The sum of an infinite geometric series is \( 13,5(r \neq 1) \) The sum of the same series, calculated from the third term is 1,5 . 4.2.1 Calculate \( r \) if \( r>0 \). 4.2.2 Hence, determine the first THREE terms of the series.

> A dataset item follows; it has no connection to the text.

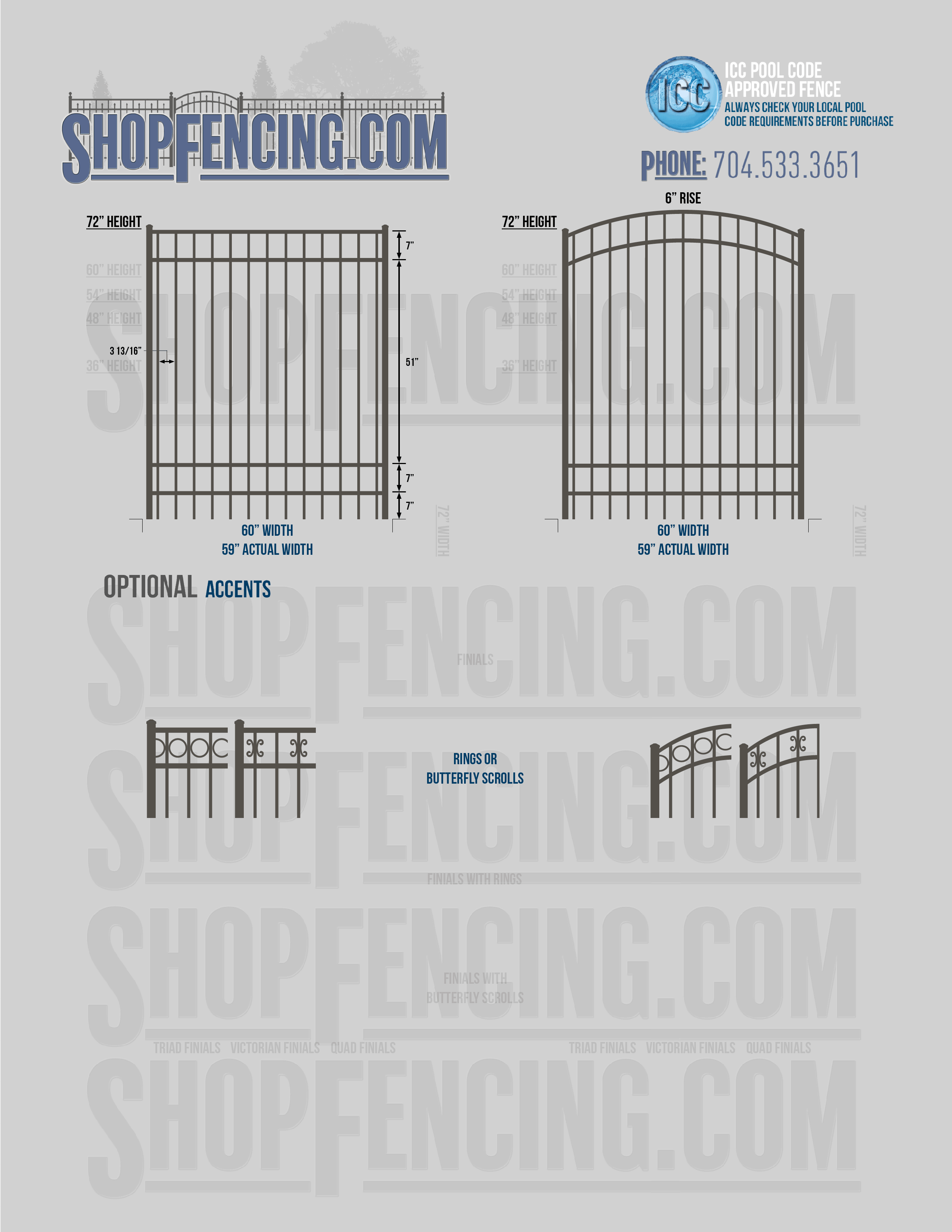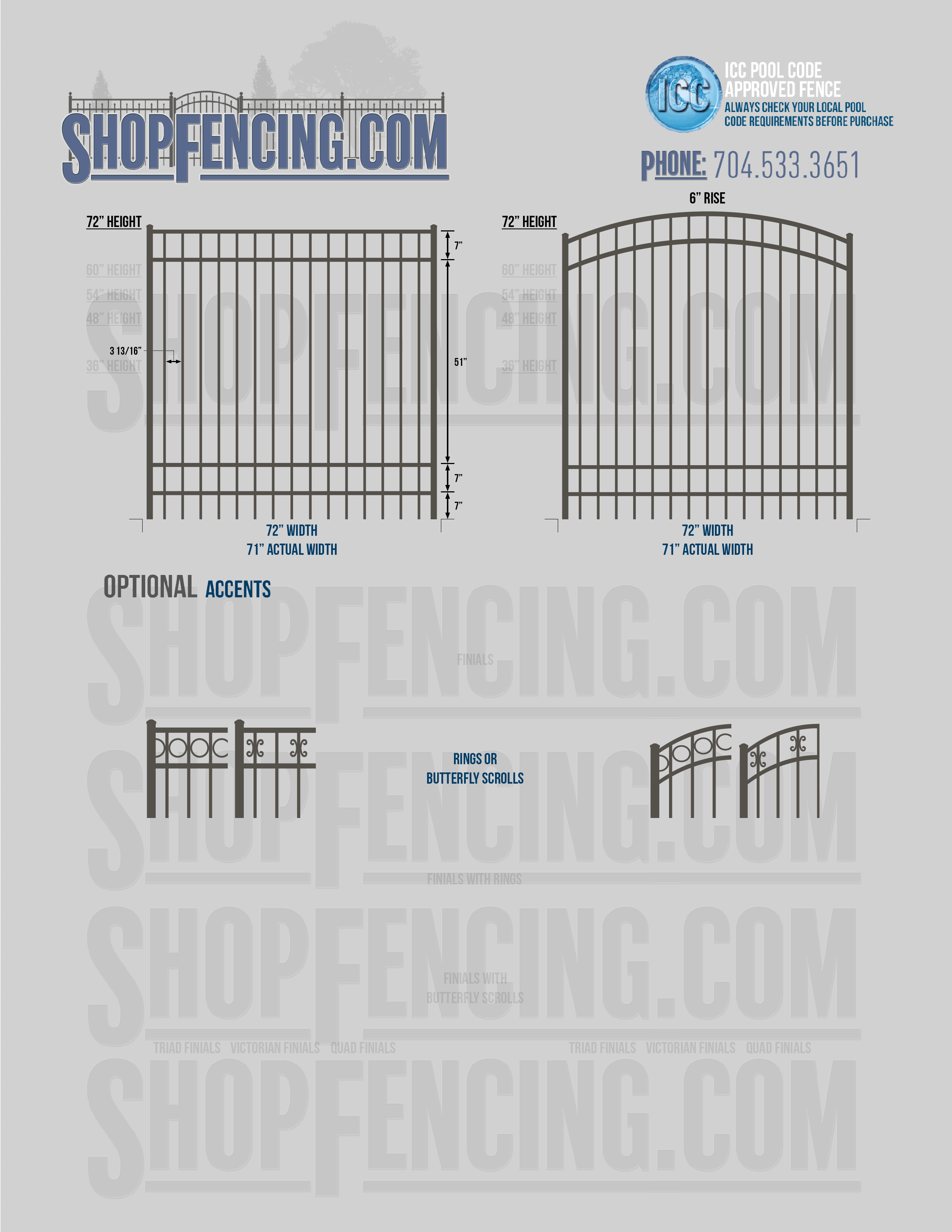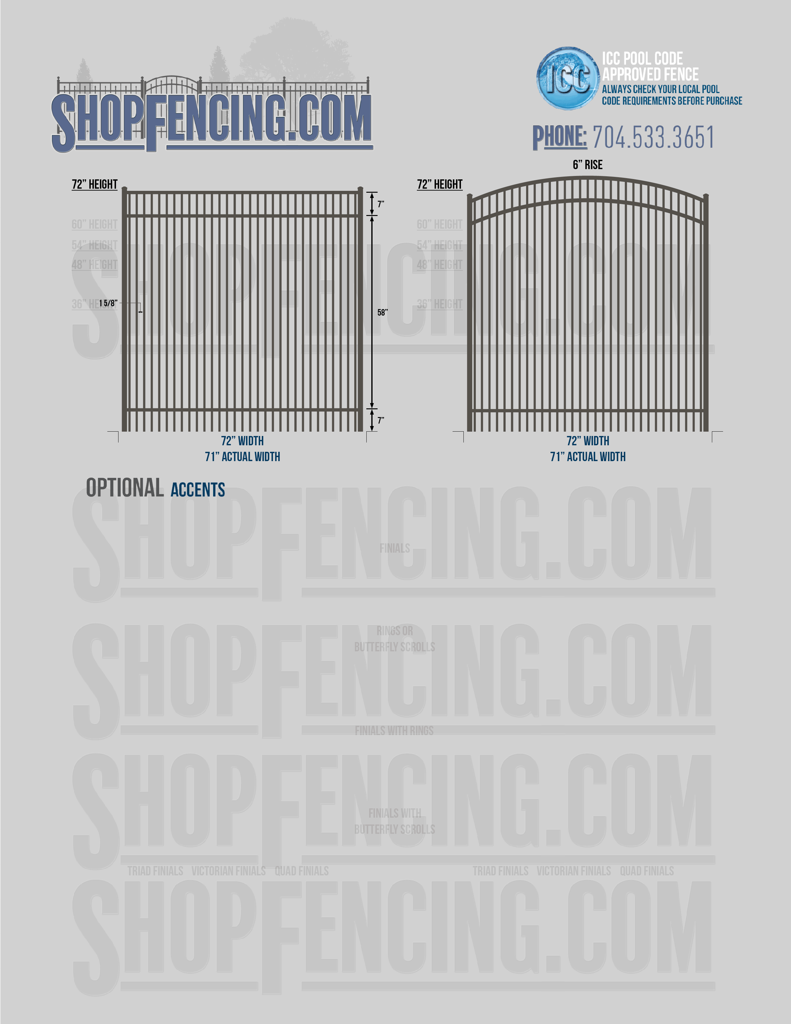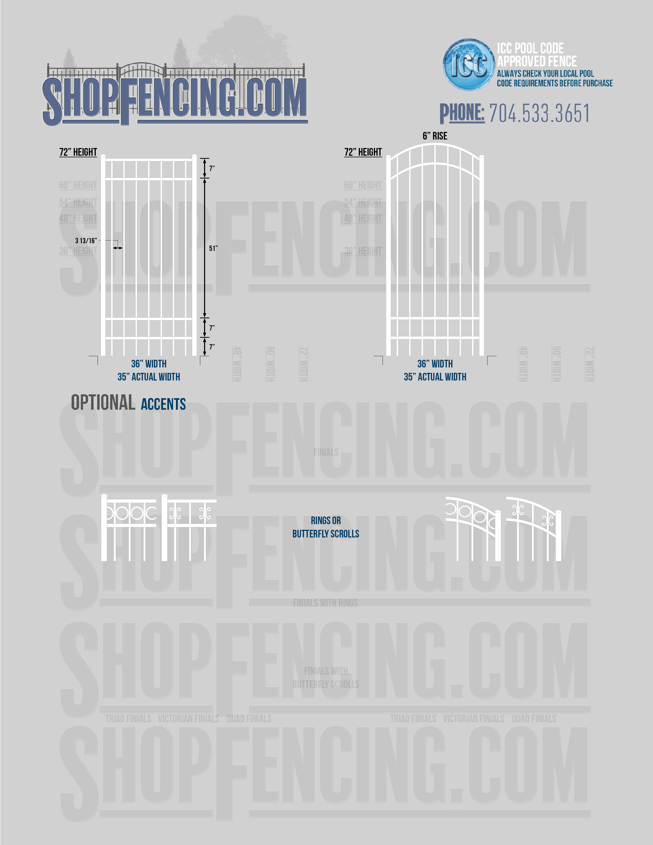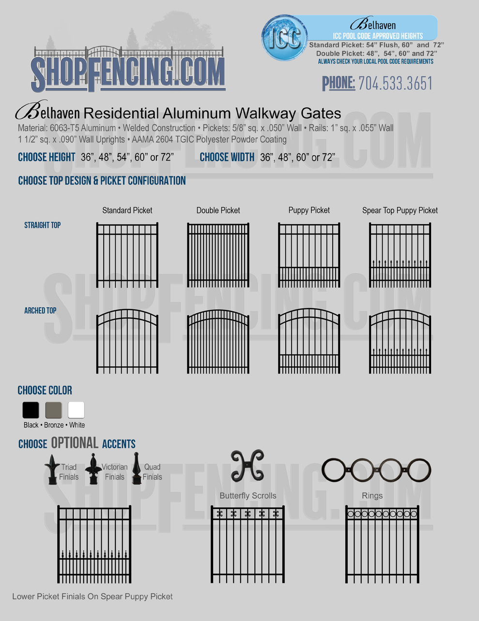 Accent Upgrades: When you add these options, gates will ship with the finials, rings or scrolls installed. PLEASE NOTE: Triad and Victorian finials cannot be installed on double picket fence sections and gates. Rings and scrolls cannot be installed on double picket fence sections and gates.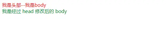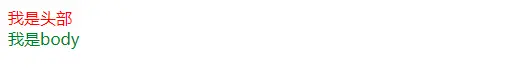此时运行代码,打开页面,我们可以看到,在 head 中已经出现了红色字体的‘我是头部’,在 body 中出现了绿色字体的‘我是body’。

1. We are given that the sum of the infinite geometric series is \[ S = \frac{a}{1-r} = 13.5, \] and the sum from the third term onward is \[ S' = \frac{a\,r^2}{1-r} = 1.5. \] 2. Divide the sum from the third term by the total sum: \[ \frac{S'}{S} = \frac{\frac{a\,r^2}{1-r}}{\frac{a}{1-r}} = r^2. \] Thus, we have \[ r^2 = \frac{1.5}{13.5} = \frac{1}{9}. \] 3. Since \( r > 0 \), we take the positive square root: \[ r = \frac{1}{3}. \] 4. Next, we determine the first term \( a \) from the sum formula: \[ 13.5 = \frac{a}{1 - \frac{1}{3}} = \frac{a}{\frac{2}{3}}. \] Solving for \( a \): \[ a = 13.5 \times \frac{2}{3} = 9. \] 5. Finally, the first three terms of the series are: - First term: \( a = 9 \), - Second term: \( ar = 9 \times \frac{1}{3} = 3 \), - Third term: \( ar^2 = 9 \times \left(\frac{1}{3}\right)^2 = 9 \times \frac{1}{9} = 1 \).